I write this post from my mother's bedside. She is in a nursing home run by the nuns of Our Lady of Perpetual Help, a nursing order in the Dominican tradition. They are called to tend to those dying from cancer.
Florence Nightingale believed she was called to the sick and dying. But in her day, nursing was relegated to prostitutes and substance abusers. For Florence, she saw the dignity of God in each suffering soul she ministered to. Today's hospitals owe much to the reforms Florence initiated.

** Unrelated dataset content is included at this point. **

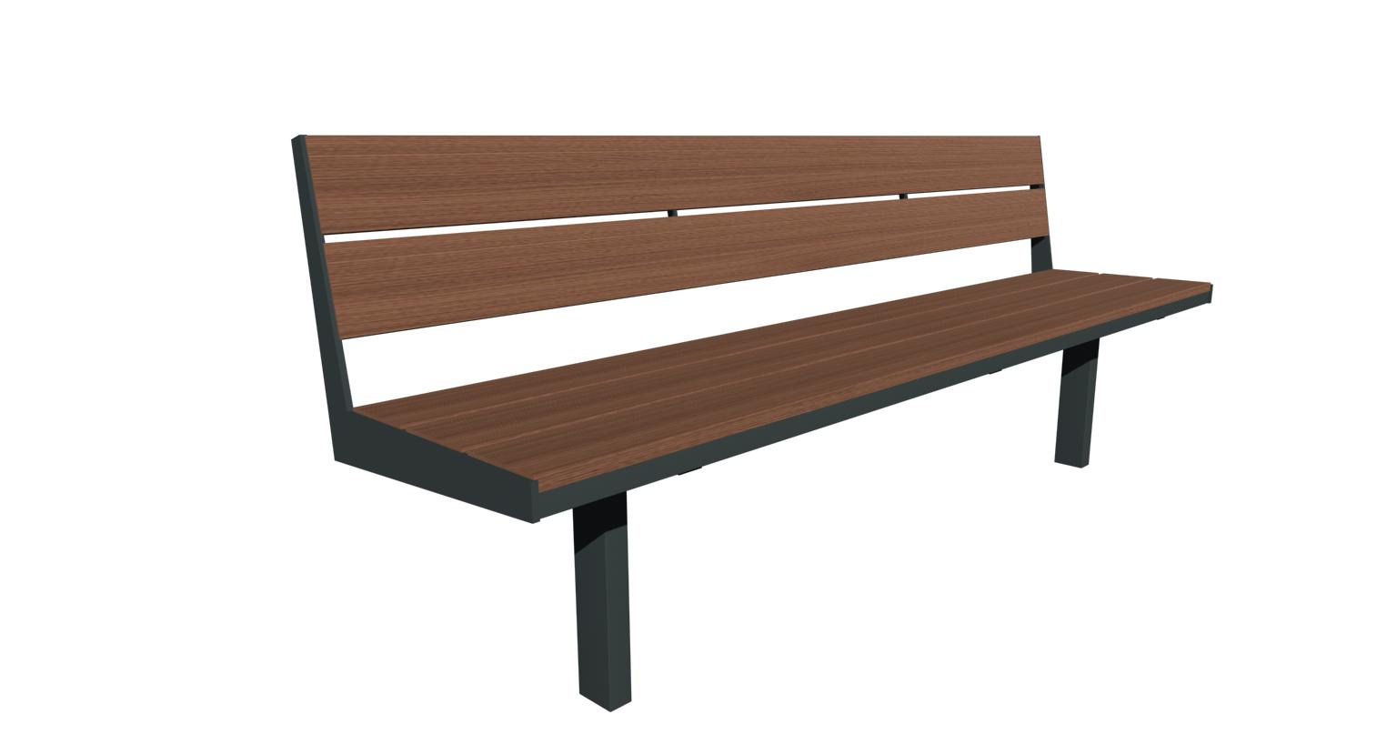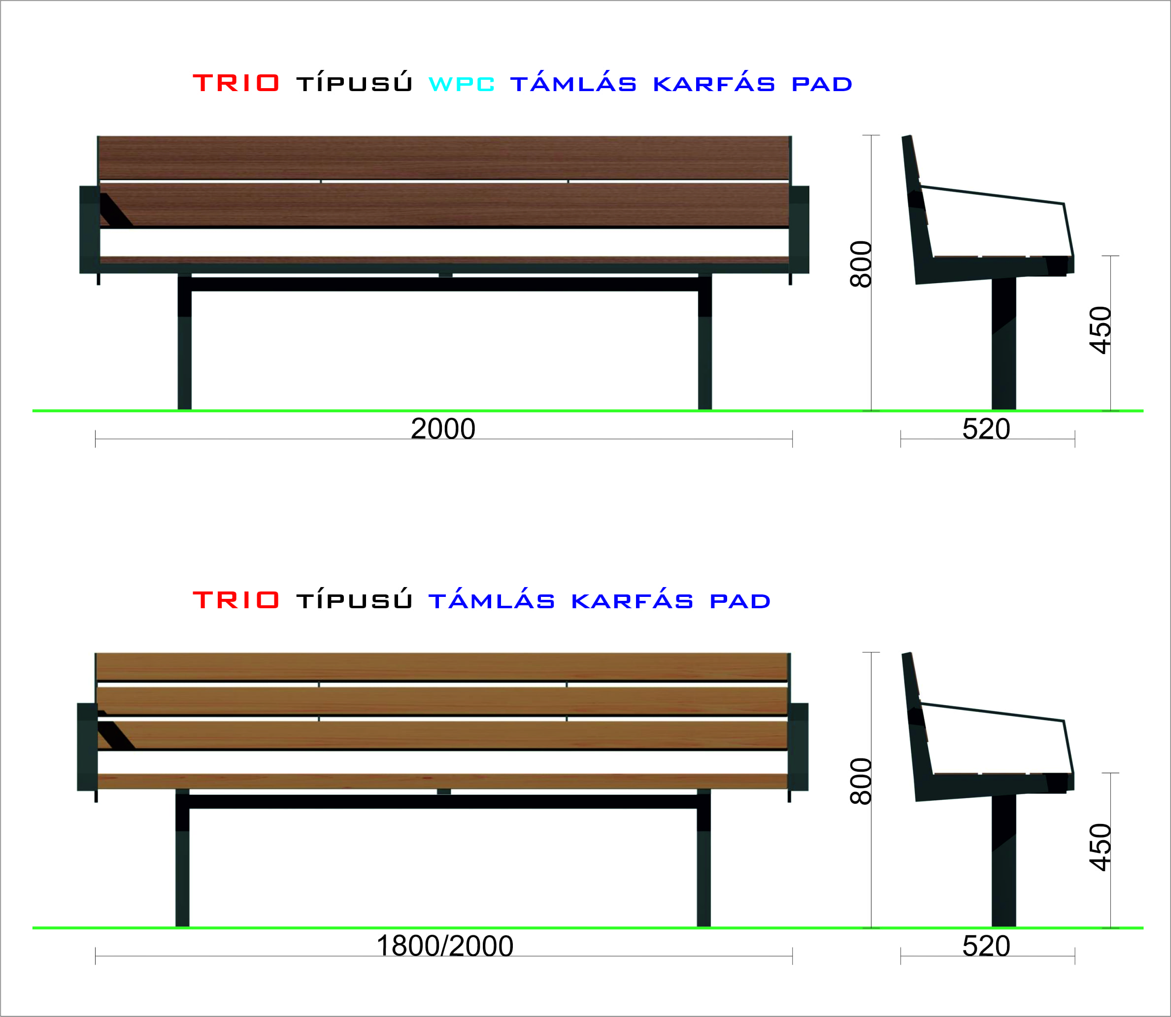 Trio típusú WPC támlás köztéri ülőpad, tüzihorganyozott és RAL színre porfestett,

But what I often see missing in our Christan life is the celebration of acts of mercy to the sick and suffering. What the nuns are teaching me, and what Jesus has taught already, is how serving the poor allows Christ to serve us through them. Florence saw nursing as a noble profession in a day when women who lived on and off the street were demanded to care for those deemed untouchable by disease and accident. Today we now have men in nursing and expect a professionalism once reserved for doctors. But what can't be reserved is mercy. The God we worship is a merciful God. Let us be merciful to all who suffer in our day!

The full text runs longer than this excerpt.